### Task to complete
Copy exactly the lines of the material below that fall between the line with "CELINE Shoulder Bag" and the line with "Моющий пылесос KIWI", both of those lines included; pictures stay out.

### Records to use
[Start of Attachment]

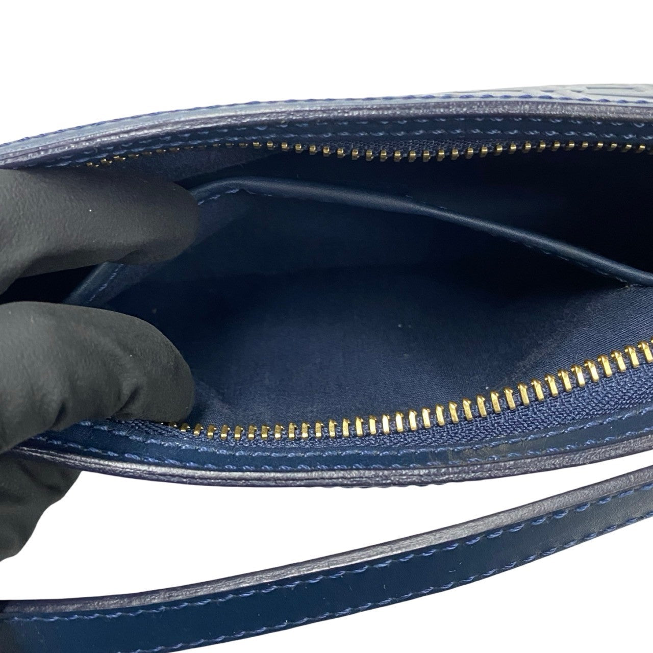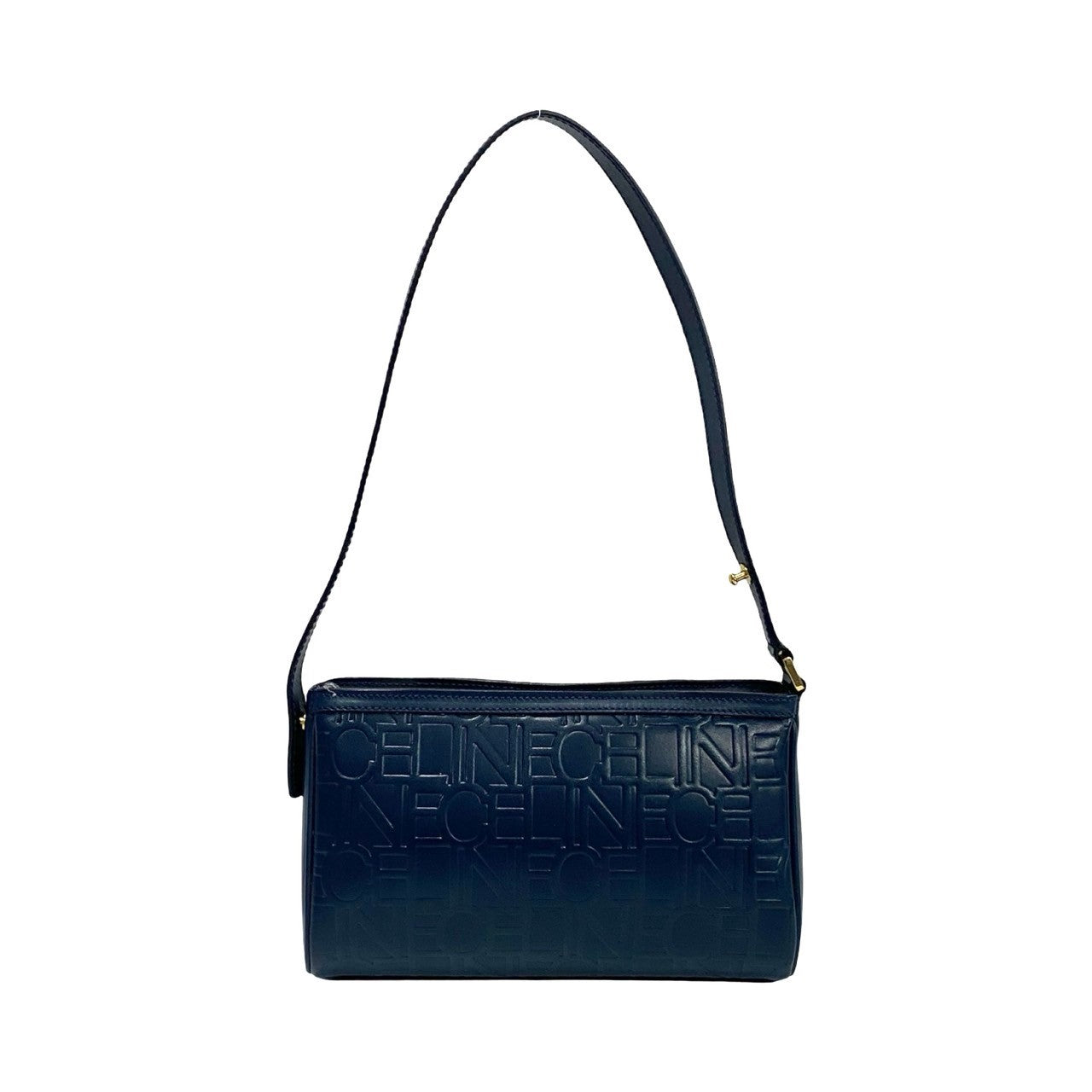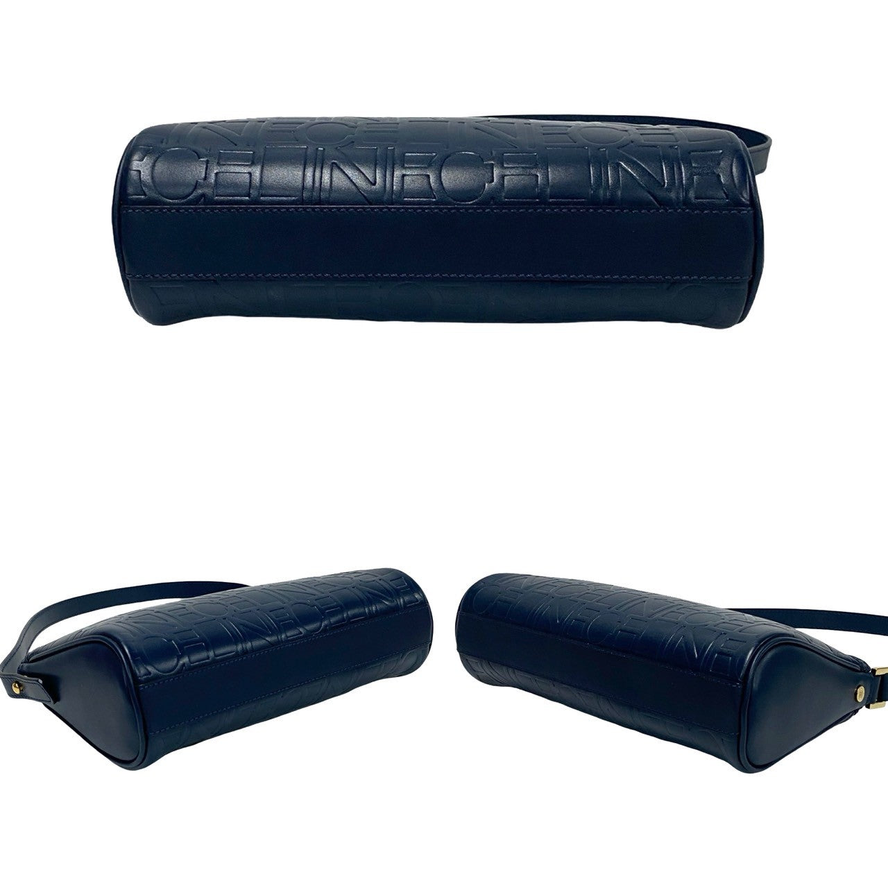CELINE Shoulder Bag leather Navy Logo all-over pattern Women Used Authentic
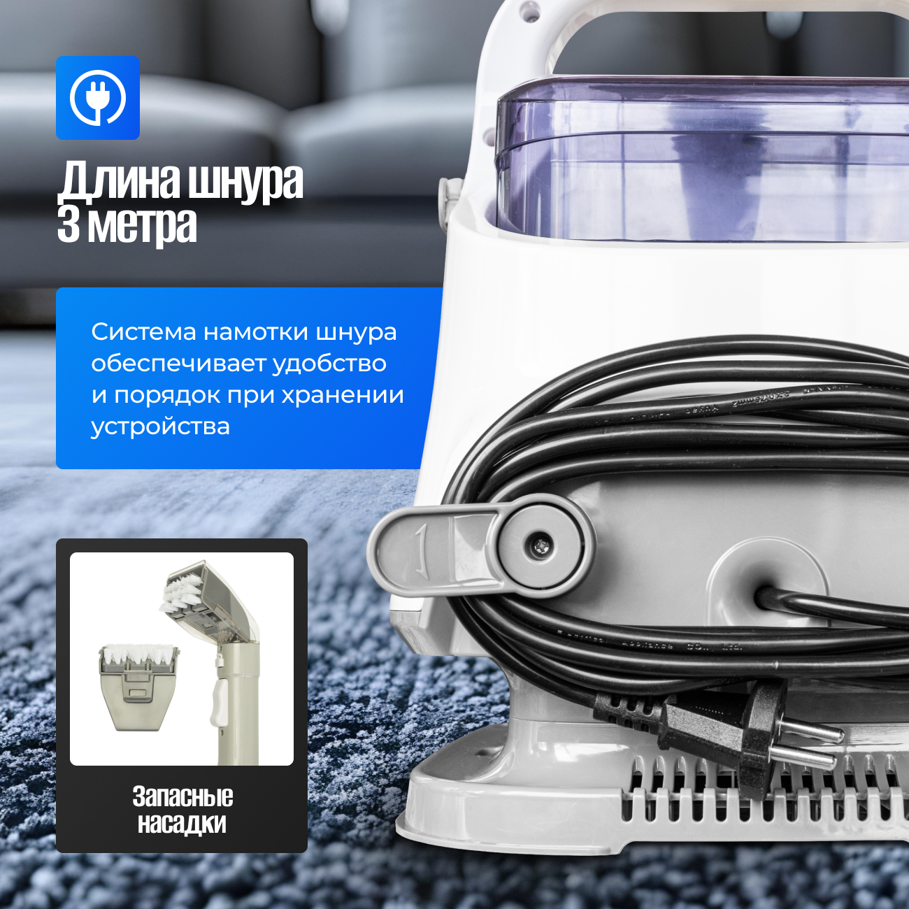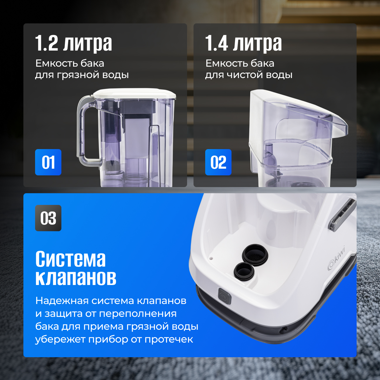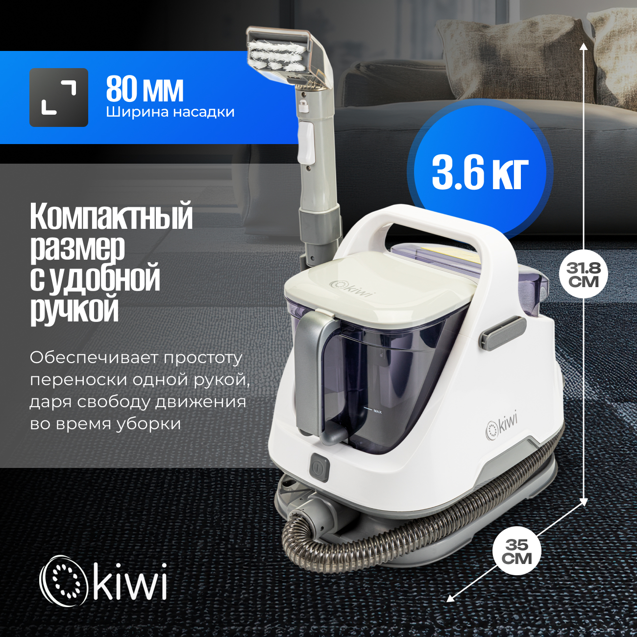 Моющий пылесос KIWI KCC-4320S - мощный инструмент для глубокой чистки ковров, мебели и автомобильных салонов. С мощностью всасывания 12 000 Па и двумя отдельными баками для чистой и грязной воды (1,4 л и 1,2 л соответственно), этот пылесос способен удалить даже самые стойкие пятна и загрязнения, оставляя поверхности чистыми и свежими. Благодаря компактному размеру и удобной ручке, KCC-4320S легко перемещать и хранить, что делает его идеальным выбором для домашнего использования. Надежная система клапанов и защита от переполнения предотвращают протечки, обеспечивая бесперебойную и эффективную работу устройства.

[End of Attachment]
[Start of Attachment]

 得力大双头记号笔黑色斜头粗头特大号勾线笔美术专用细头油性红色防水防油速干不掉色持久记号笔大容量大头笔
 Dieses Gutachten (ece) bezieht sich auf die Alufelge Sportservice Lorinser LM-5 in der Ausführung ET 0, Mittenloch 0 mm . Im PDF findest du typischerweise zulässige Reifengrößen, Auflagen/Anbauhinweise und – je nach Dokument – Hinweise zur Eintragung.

[End of Attachment]

### Response area
CELINE Shoulder Bag leather Navy Logo all-over pattern Women Used Authentic
 Моющий пылесос KIWI KCC-4320S - мощный инструмент для глубокой чистки ковров, мебели и автомобильных салонов. С мощностью всасывания 12 000 Па и двумя отдельными баками для чистой и грязной воды (1,4 л и 1,2 л соответственно), этот пылесос способен удалить даже самые стойкие пятна и загрязнения, оставляя поверхности чистыми и свежими. Благодаря компактному размеру и удобной ручке, KCC-4320S легко перемещать и хранить, что делает его идеальным выбором для домашнего использования. Надежная система клапанов и защита от переполнения предотвращают протечки, обеспечивая бесперебойную и эффективную работу устройства.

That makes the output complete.